BY JORDAN OTERO
Fluffy white flakes drift slowly from the gray sky, settling peacefully on the slushy, cracked sidewalks and pothole-riddled streets. The serene blanket bundles the city, a temporary balm on the blemishes that often seem glaringly obvious without the snow — paint peeling and flaking from a nameless face on a mural; orange rust crawling up chain-link fences; empty shops staring from behind dingy windows.
Franciscan University of Steubenville has long been revered as a beacon on a hill in this city long past its post-World War II heyday. The days of a booming steel industry in Steubenville, Ohio are gone, replaced by dilapidated buildings, empty streets, homelessness and drug abuse. The downtown area, while full of historic charm, lacks the luster, hustle and bustle that many modern college towns offer.
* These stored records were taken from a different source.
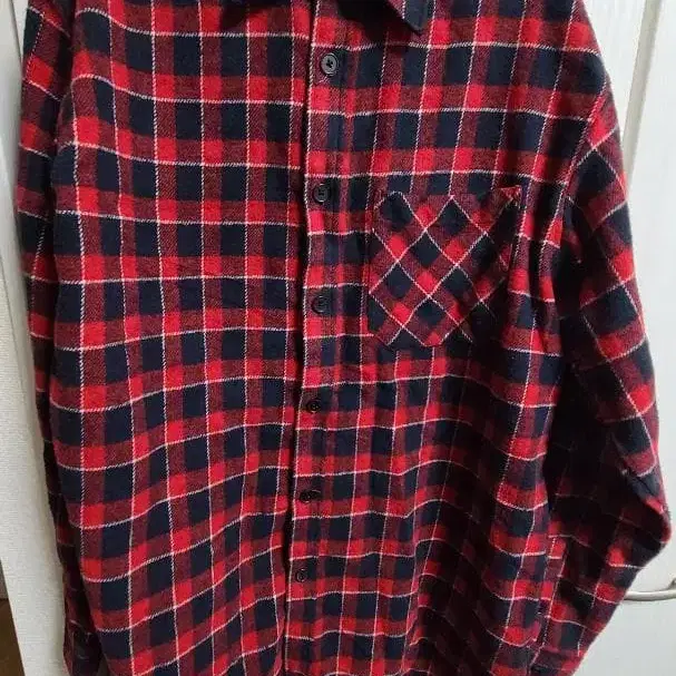 빨간색과 검은색 체크 무늬 긴팔 플란넬 셔츠와 팬츠 세트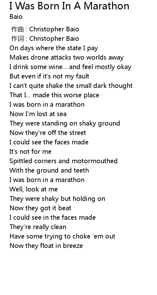| [02:58.46] | I was born in a marathon |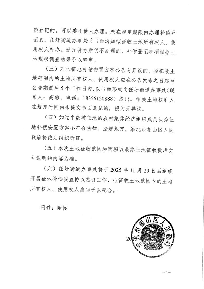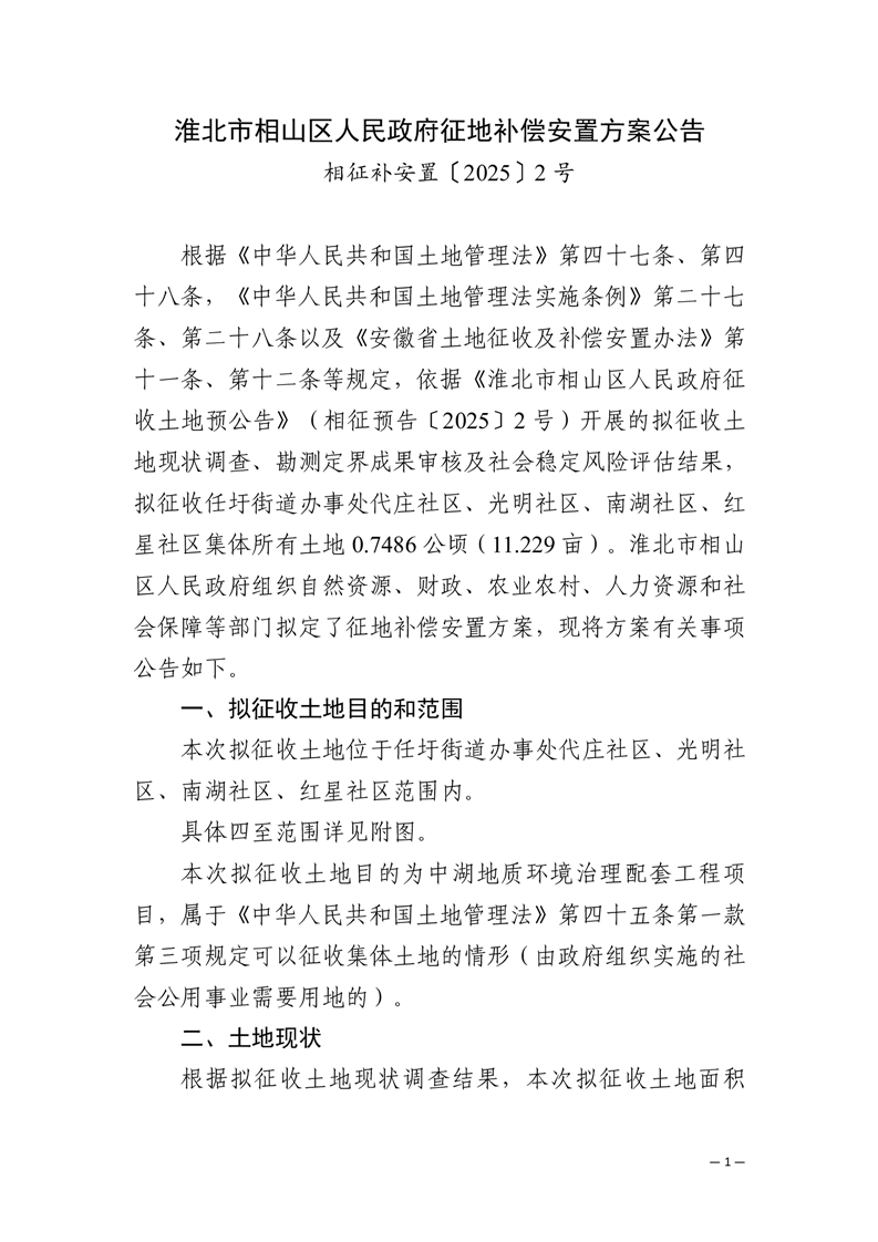 淮北市相山区2025年第6批次城镇建设用征地补偿安置方案公告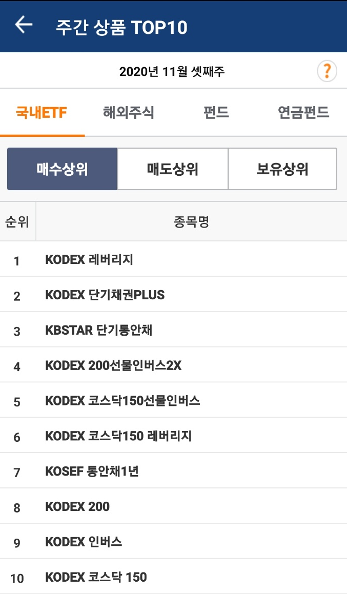 2020년 11월 3주차 (미래에셋대우 기준) 국내 ETF 매수상위 Best 10 소개하면서 포스팅을 마치겠다.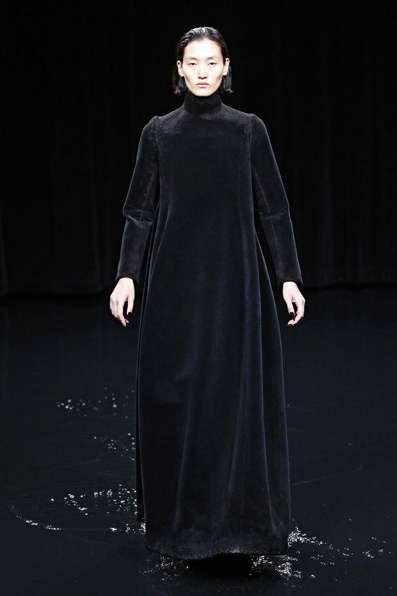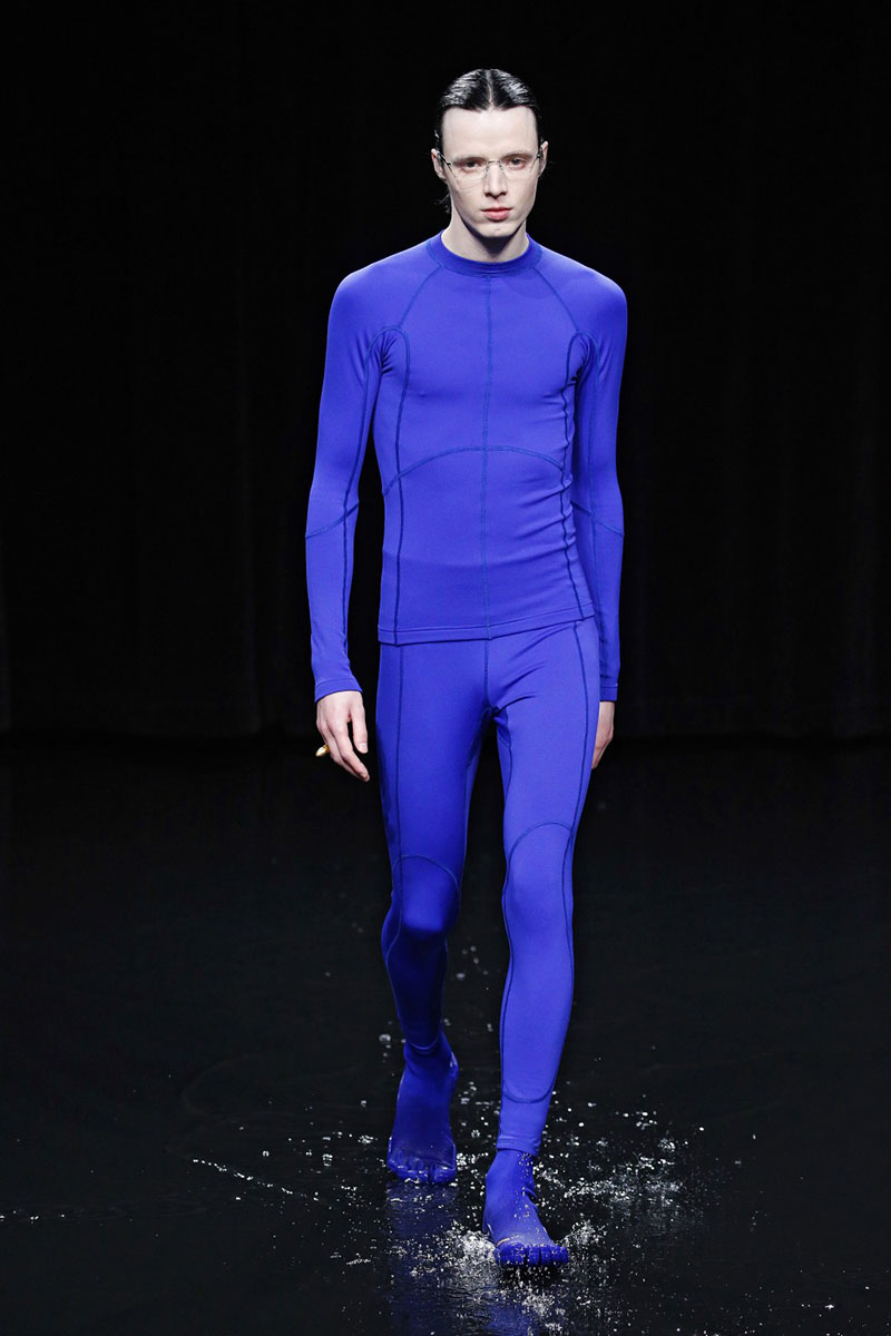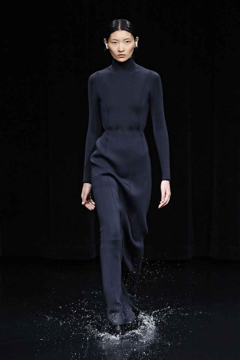 El techo del escenario también creaba ese efecto oscuro y apocalíptico con proyecciones a lo largo de todo el desfile que emulaban un cielo lleno de relámpagos, un océano bravo y el fuego del mismísimo infierno. La combinación de los modelos que chapoteaban recorriendo la pasarela con la música del desfile y las proyecciones hacían de todo el conjunto una verdadera fantasía satánica.

And in the wake of a national-level rape scandal, the name “Steubenville” often relays negative connotations in many minds.
However, one group of dedicated students wants to change that.
The Harmonium Project’s goal is to integrate Franciscan University’s student body with the downtown community of Steubenville by creating a music venue — used to host weekly concerts and, ultimately, entice students into the downtown area — that will double as an after-school music program for impoverished local children.
Co-founder and famed Patheos blogger Marc Barnes told The Troubadour in September that another goal is to help Franciscan students see Steubenville as more than just a place they’re going to college for four years at.
“There is a mentality that the downtown is a scary place,” he said. “We want to inspire a paradigm shift in the student body, from understanding the downtown area from mission territory to understanding it as their home.”
Steubenville’s local community seems enthusiastic about the new venue. Jerry Barilla, president of the Steubenville Revitalization Group, told the Herald-Star that the project could help achieve the longstanding goal of integrating Franciscan and Steubenville.
“The Harmonium Project may very well be the spark that ignites the revitalization of our downtown,” he said. “We are already hearing about other potential projects in the downtown and I am excited about the potential we could see here.”
So far, The Harmonium Project has hosted two major concerts, including an event at historic Fort Steuben featuring popular Christian singer-songwriter Audrey Assad. The Troubadour reported that more than 500 people gathered to hear Assad perform.
Pat Walters, The Harmonium Project’s social media manager, said in a promotional video that the results of The Harmonium project “have been outstanding,” even in just a few short months.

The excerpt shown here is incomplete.